Reason #3 women are better than men: texting and peeing simultaneously. Write THAT in the fucking snow.
the jail released me with 39 mardi gras beads. I need details.
half the nation just spent an hour watching a balloon fly around. we are officially the dumbest fucking country.
You weren't lying about those ceramics students giving the best hand jobs.
He was in a gay KY jelly commercial. Jew male model. Reasons not to sleep with him. Go.
He tried peeing out of the sunroof.
Asking the cop for directions wearing a lion mask may not have been my best moment...
Blackout strip poker. Now. Bring flashlights because we found that candles are dangerous with nudity.
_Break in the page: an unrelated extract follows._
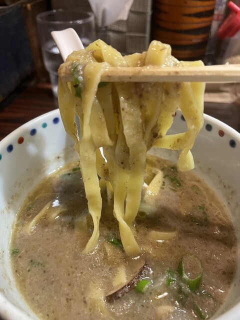 麺は棣鄂の手揉みの太麺、モチモチ、やや硬めでモチモチ‼️

Its ok. I handled the situation with grace and class. lol jk i got shitfaced and fucked his roomate.
I can't ever date him again. Whenever I see his face I just remember helplessly pissing myself in my car.
I just found my lube on the ground next to my bed. I would pay money to find out what the fuck happened that night.
So my POF profile is full of Archer references. Only guys who get them will be getting any response to their messages.
I was going to say that I wasn't sure how that happened... but then I remembered that I bonded with the Australians over vitamins and INXS and they bought me tequila.
I don't know what it is about this quarantine, but I have never written this much smutty fanfic in my life and I am loving it!
the voting booth dude cock blocked me or she woulda totally blown me in the voting booth.